On 19/04/2011 20:30, Artyom wrote:
As you know, the API is a subject to change in Boost, and I would say that it is changed toooo freely and toooo often.
Right, that's because the API is what makes Boost libraries good. If it's not good enough, it needs to change. And to avoid APIs from changing too much in released libraries, the best solution is to make sure the library has the best API *when it is accepted into Boost*. And I think there is still some room for improvement with the Boost.Locale API.
I can accept that some operations may be better to work on arbitrary streams but most of them just don't need it.
For example collation... When exactly do you need to compare arbitrary text streams?

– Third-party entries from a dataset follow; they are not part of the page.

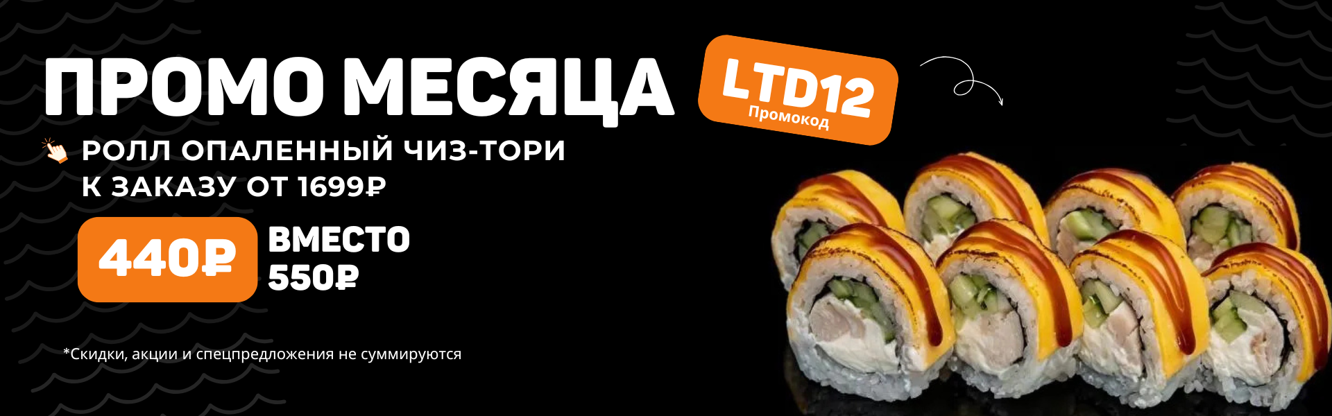 - При оформлении заказа введите промокод LTD12 и добавьте ролл "Опаленный чиз-тори" в корзину.
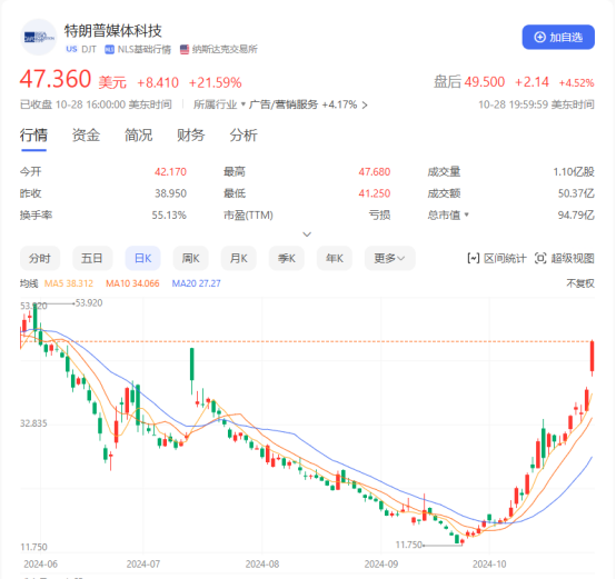 即便排除加密领域,在其他金融板块,自从9月特朗普胜选概率增加以来,市场交易也透露出了类似的信号。鉴于特朗普更为激进的关税政策,其曾宣称可能对进入美国的所有商品征收无差别的10%基准关税,并对中国加征60%或更高的关税,近期人民币、墨西哥和越南汇率已然走弱。而在特朗普支持的传统能源领域,根据中金研究部数据,截至10月24日,9月26日以来,油气能源大涨5.8%,清洁能源指数则大跌9.4%。从社媒而言,自9月23日,特朗普传媒科技集团(DJT)涨幅高达惊人的289.79%,押注之势明显。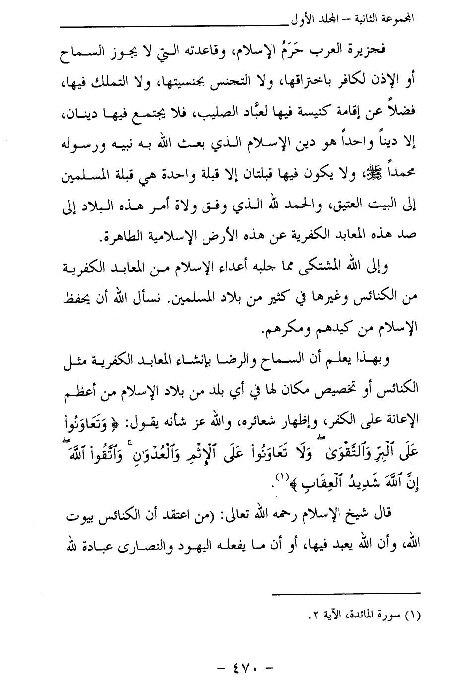 وبهذا يعلم أن السماح والرضا بإنشاء المعابد الكفرية مثل الكنائس أو تخصيص مكان لها في أي بلد من بلاد الإسلام من أعظم الإعانة على الكفر، وإظهار شعائره، والله عز شأنه يقول: {وَتَعَاوَنُوا عَلَى الْبِرِّ وَالتَّقْوَى وَلَا تَعَاوَنُوا عَلَى الْإِثْمِ وَالْعُدْوَانِ وَاتَّقُوا اللَّهَ إِنَّ اللَّهَ شَدِيدُ الْعِقَابِ} (¬1)

Because the data does not exist in memory, may be computed on the fly, or whatever really. A possible application is simply to chain operations in a pipeline, i.e. without having to apply one operation completely, then the other on that result, etc (and do the intermediate temporary buffer allocations).
So this is a quick glance to the future that currently only on planning stage and is not a part of the review.
I thought to provide stream API for charset conversion but put it on hold as it is not really a central part, especially when codecvt it there.
I believe it *is* the very central part of any text processing system.
Such things should appear in code review.
I'm really welcome to learn how to do things better. The question is whether such changes are critical or not.
All those comments at the end of my original message only affect the internals, so I don't care so much. It's mostly a style thing.
Take a deeper look to the section.
It is different from backend selection.
If I want to add a backend, I only want to add a new repository with the implementation for that backend. I do not want to have to hack all shared files by adding some additional ifdefs.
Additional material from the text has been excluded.